Малиновский опёрся руками о Катин стол и вперил взгляд в её лицо, словно что-то пытался там найти, потом, хлопнув дверью, вышел из каморки, в кабинете что-то грохнуло, и Катя вздрогнула. И подумала, что сейчас он уйдёт. Но — нет, Роман вернулся и, поморщившись, сунул руку со сбитыми костяшками в карман.
— Вот говорила мне мама, что курить вредно, а я не верил. Думал, вредно из-за рака лёгких, а, оказывается, у всех последствия-то разные. У меня вот заблуждения какие-то… галлюцинации… любовь мерещится. А я же любить-то не умею. Все умеют, а мне не дано. Такой вот заводской брак. Вот обидно, наверное, маме с папой, родился у них эмоциональный инвалид, которого только на одноразовый секс и хватает.
— Ром…
— Так, вопрос любви временно опустим… Что же такого вчера случилось катастрофичного, что ты сделала такие выводы обо мне? Конечно, я и сам виноват, репутацию себе наваял, будь здоров. Но от прошлого никуда не денешься, Кать, что было, то было.
Катя замотала головой.
— Это всё несерьезно. Ты…
— Несерьёзно? — перебил её Малиновский, срываясь с шёпота на крик. — То есть ты вот таким меня и видишь, да? Вечно хохочущим феем, перелетающим с цветка на цветок? Даже не потрудившись что-то узнать обо мне, лепишь тот же самый ярлык, что и все вокруг. Да, я сам, наверное, виноват, что не исповедаюсь всем и каждому о том, что у меня внутри… Но неужели ты думаешь, что всё это, — он махнул рукой куда-то в сторону, — далось мне легко? Думаешь, в компанию я попал по блату? Мол, друга сына президента компании без вопросов примут на работу, неважно, есть ли у него образование, нет ли… И акции мне за красивые глаза подарили. А я всё это собственным горбом заработал. В Москве, знаешь ли, не так уж и любят приезжих. Впрочем, зря я это говорю, — он весь как-то сник и тряхнул головой. — Только ты и сама в любви ничего не понимаешь. И слушать меня не хочешь, я же вижу. Но, когда любят, Кать, любят по-настоящему, всегда находят возможность и силы выслушать, дать человеку шанс. Значит, у тебя тоже… заблуждение? — Роман отошёл от стола и взялся за ручку двери. — Пойду я, Кать. К моделям. Видимо, одноразовый секс и вправду мой потолок.

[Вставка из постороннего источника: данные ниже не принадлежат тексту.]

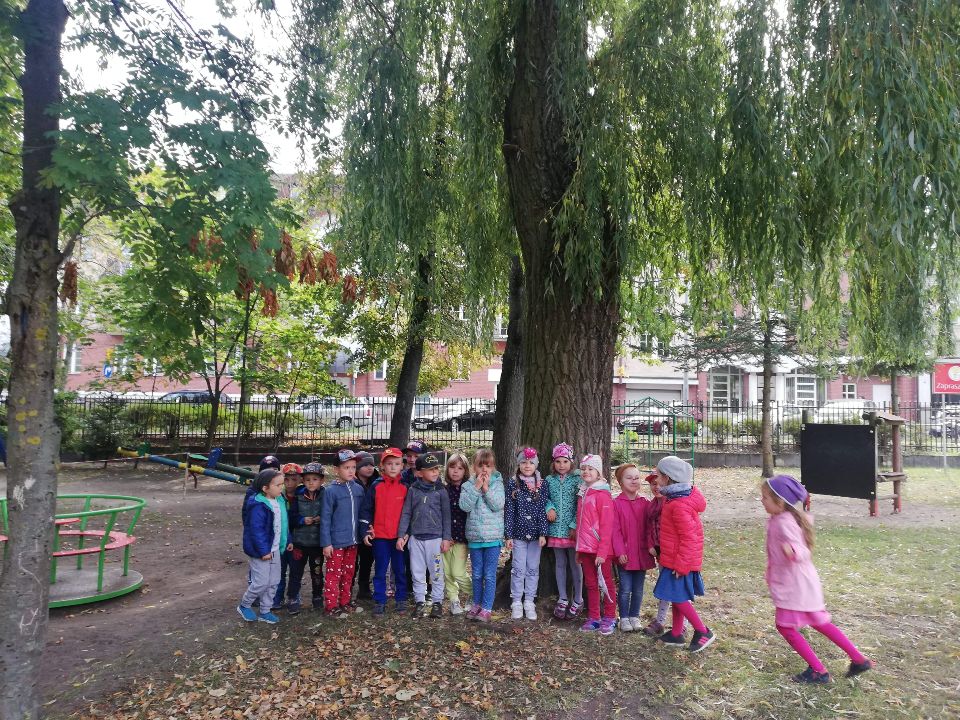 Korzystając ze słonecznej pogody dzieci z grupy VII wybrały się do pobliskiego parku aby zebrać eksponaty do kącika przyrody. Przedszkolaki zwróciły uwagę na jesienny koloryt drzew, wielozmysłowo poznając otaczającą przyrodę. Dzieci obserwowały drzewa i krzewy rosnące w parku, rozpoznawały i je i nazywały, dzieliły na liściaste i iglaste, zwracały uwagę na różnice w wyglądzie liści. Oczywiście nie obyło się od zbierania materiału przyrodniczego w postaci kasztanów, żołędzi i kolorowych liści. Miłym akcentem wyjścia do parku było wspólne odtańczenie „Jesiennego tańca” wspólnie ze spotkanymi uczniami XI liceum oraz grupą emerytów z Młodzieżowego Domu Kultury w Białymstoku.

— Ром, подожди… — еле слышно прошептала Катя, но он уже вышел, аккуратно прикрыв за собой дверь, и она разрыдалась.
***
Конечно, ни к каким моделям он не пошёл. Бессмысленно обжиматься с очередным безликим телом только назло Кате. Да и девочки не виноваты ни в чём. Им нужна работа и уверенность в завтрашнем дне, вот они и пытаются её получить любым доступным способом. А ему нужна Катя, и он тоже хочет уверенности в том, что и он нужен ей.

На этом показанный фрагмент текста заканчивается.